As was also the case last year, Kidshelp’s work has been restricted during this acute pandemic period. Our English school is closed again and continues to be closed and the students study exclusively online, which results in a clear loss of quality, many report that they receive and work on assignments but do not have the opportunity to ask questions or their questions are lost. The district in Phnom Penh where our student residences are located was for some time designated as a red zone. We were at least able to pay certain university/course fees by bank transfer but experienced some difficulty because some banks were not operating normally. Thanks to your support, we were able to continue paying emergency aid for our teachers, many of whom are currently suffering from a loss of income. The disbursement of the sponsorship money is difficult and depends on whether the Village Chief allows it; we are confident that a disbursement can take place in May, however, should it not be possible, we will ensure that disbursements are caught up as soon as possible. Many families have had economic setback; until the end of February most things were in full operation (with the major exception of tourism), but in the last 2-3 months there has been a complete loss of income in many areas. The closed schools are, if not a disaster, then at least a huge challenge for the future for many children, especially from the socio-economically poor families. Online learning tools are to be increasingly introduced, but as so often, this can only be a partial answer, especially if the support conditions are not in place, example, a suitable place to study).

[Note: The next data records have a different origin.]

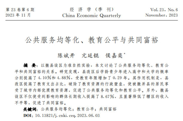 学术视点 | 开云官网陈斌开老师的合作论文《公共服务均等化、 教育公平与共同富裕》在《经济学(季刊)》刊发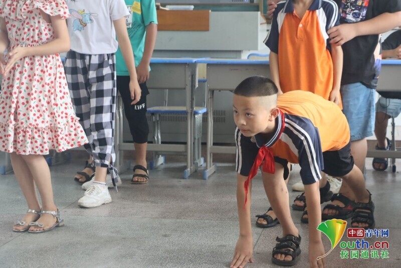 中国青年网益阳7月18日电(通讯员 陈倩汶 欧阳健)7月18日上午,湖南第一师范信息科学与工程学院新航向.梦之队志愿者老师带领长塘仑小学的孩子们开展室内趣味运动会,欢笑声、呐喊声在教室回响。插旗接力、喊数抱团、三人四足、拔河这一个个趣味十足的项目让孩子们感受到了运动会的快乐。一场运动会,让孩子们和志愿者老师的距离亲密无间,感受室内运动会带来的快乐。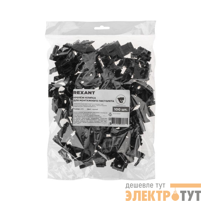 28-0416-2 | Держатель для труб (клипса) d16мм для монтажного пистолета черн. Rexant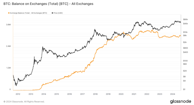 歷史數(shù)據(jù)顯示,交易所的Bitcoin余額可以有效反映市場情緒。2012年至2020年間,交易所持有的Bitcoin數(shù)量持續(xù)增加,顯示出Bitcoin供應(yīng)量的不斷增長。自2020年以來,市場走勢出現(xiàn)了較大波動,經(jīng)歷了吸籌與派發(fā)的階段。最近三年,Bitcoin余額的下降顯現(xiàn)出交易所對持有Bitcoin的態(tài)度變得更加謹慎。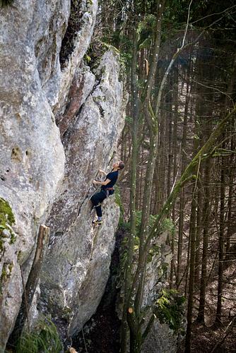 2. Route von ganz links am Fels. Schwierigste Stelle direkt am 1.H. Danach die Henkel rechterhand nicht übersehen... Ausrüstung: 4 Laschen + 1ULAbsicherung:klassisch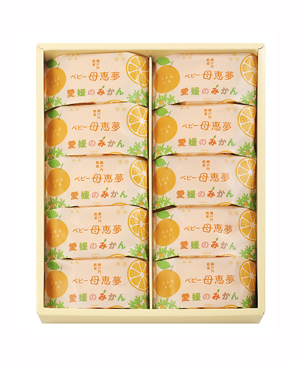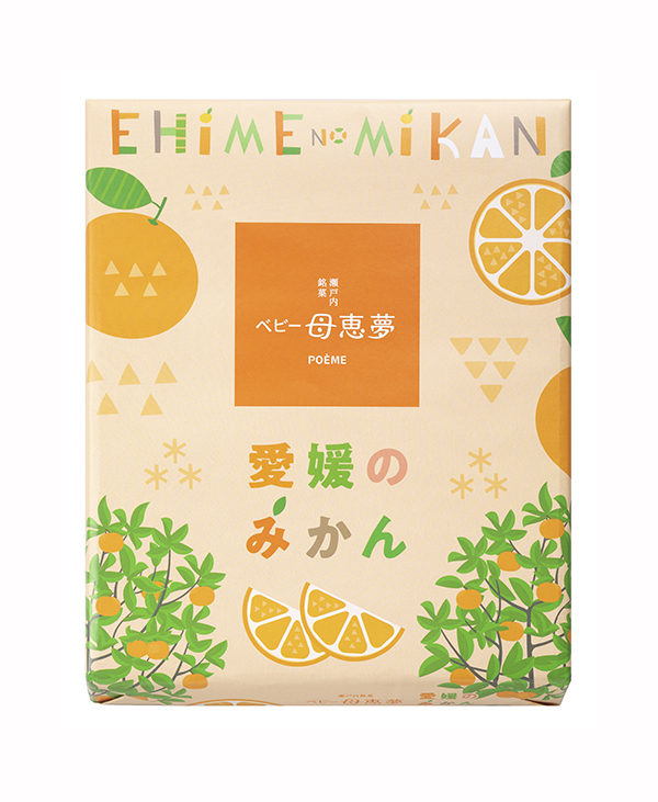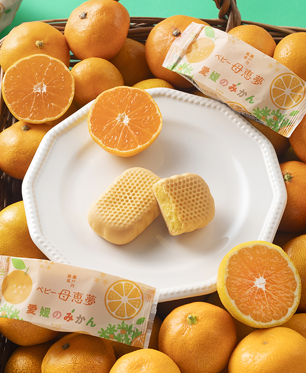 温暖な風土に育まれた温州みかんとベビー母恵夢がひとつになった、さわやかな風味が広がる、愛媛ならではのお菓子をお楽しみください。-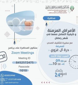 تنظم لجنة التنمية الاجتماعية الأهلية بالتوبي مساء اليوم السبت عبر برنامج زووم محاضرة بعنوان ”الأمراض المزمنة وكيفية التعامل معها في شهر رمضان“، تقدمه الممرضة درة آل غزوي. رقم الاجتماع 8452572475 رمز الدخول 1010 الزمان: السبت 24 أبريل 2021 الوقت: 9 - 10:30 مساء... |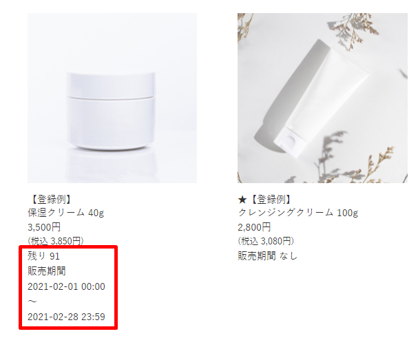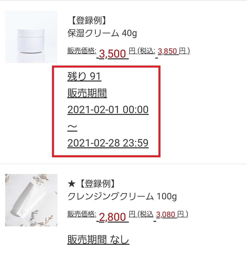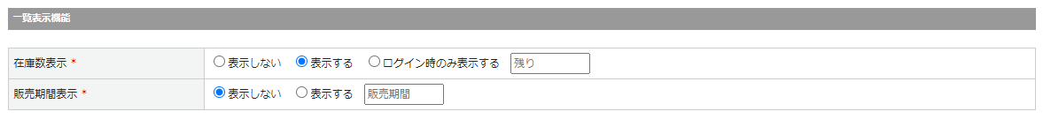 在庫数と販売期間の表示有無を設定できます。 PC |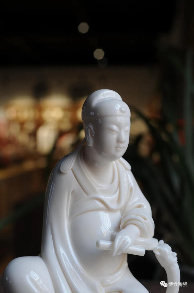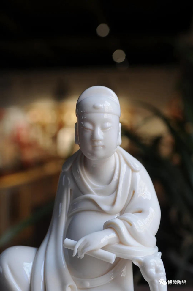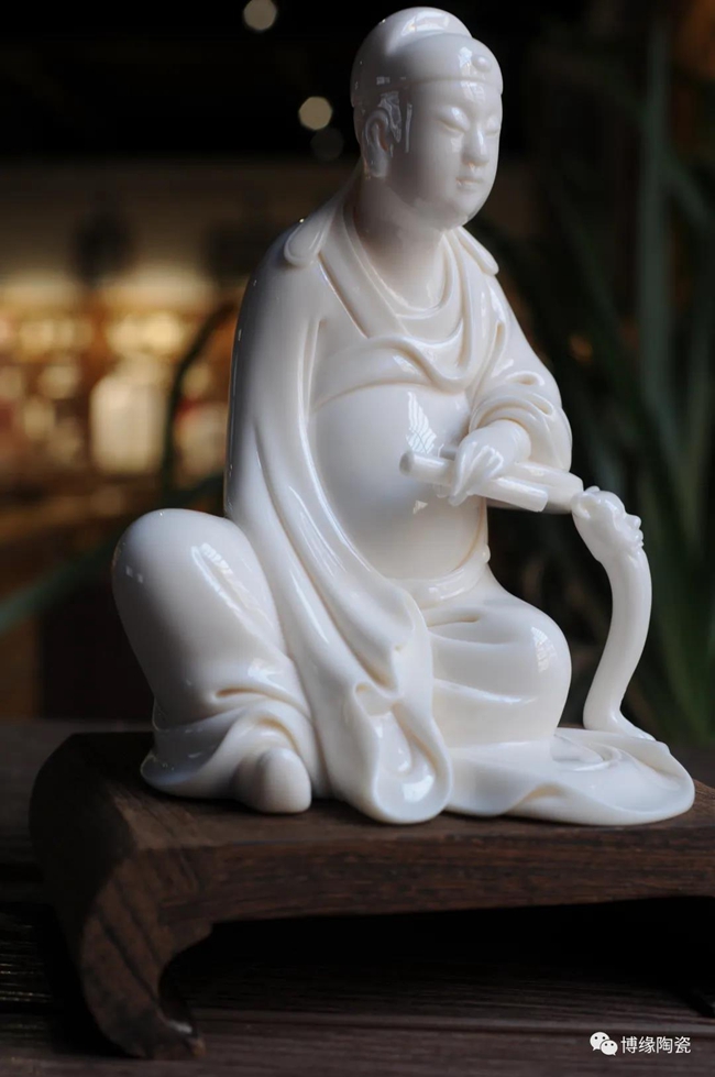 德化瓷器,以白瓷為最;白瓷之中,又以佛像為最。德化白瓷所塑佛像有性格鮮明、造型優(yōu)美、神態(tài)逼真、風格洗練的特點。有一種單純的雕塑美和原材料的質(zhì)地美,最能體現(xiàn)佛教樸素、平和的思想。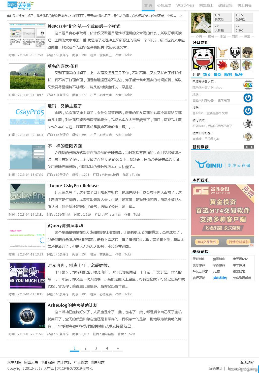 白色是主色调,灰色和蓝色是辅色,整款主题还算清新,使用主题完全不需要任何插件,相关文章什么的都包含在主题里面了,广告位有三个,都是250*250的大小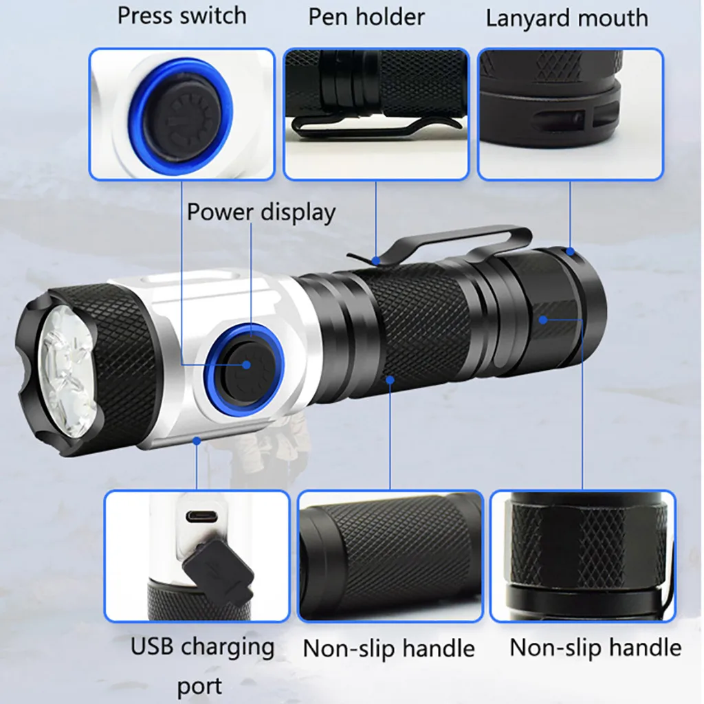 Светодиодный Многофункциональный тактический фонарик с usb-зарядкой, комплект мини-фонарика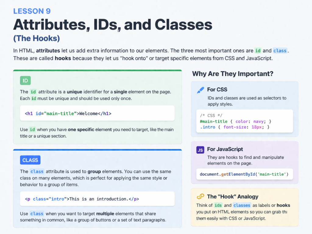 Lesson 9: Attributes, IDs, and Classes (The Hooks)

For organisations like Kidshelp, a crisis like this has many implications. The work, even if it is currently limited, remains of immense importance. A small NGO sees this especially in the fact that virtually all the people supported are known personally and it is therefore possible to have direct contact and a close look at the individual circumstances and challenges. It is to be hoped that the measures taken, linked with the high rate of vaccination roll out, will have the desired positive results and that the actual work in direct contact with the sponsored children, the students and their families can soon take place again.
Finally, some personal information. I, Florian, hereby say goodbye to you as Country Director of Kidshelp Cambodia. I would have loved to say goodbye to you next year or the year after, or at least much later. Unfortunately, during the pandemic, everything turned out different from what I had planned, wished, thought, and hoped. Now, after just five months, I have unfortunately, due to health reasons to say goodbye to Cambodia and Kidshelp.
Our long-time and competent local staff members, Khath Khemara and Hun Tharith, will for the time being take over most of the tasks of the country office – until Kidshelp are able to appoint a new Country Director. In all this great disappointment, this does create a great opportunity for Khemara and Tharith and we are happy about and thank them for their quick commitment to take on new tasks and responsibilities. With respect to the new school, plans are in place to ensure the work to review tenders received are evaluated and recommendations made.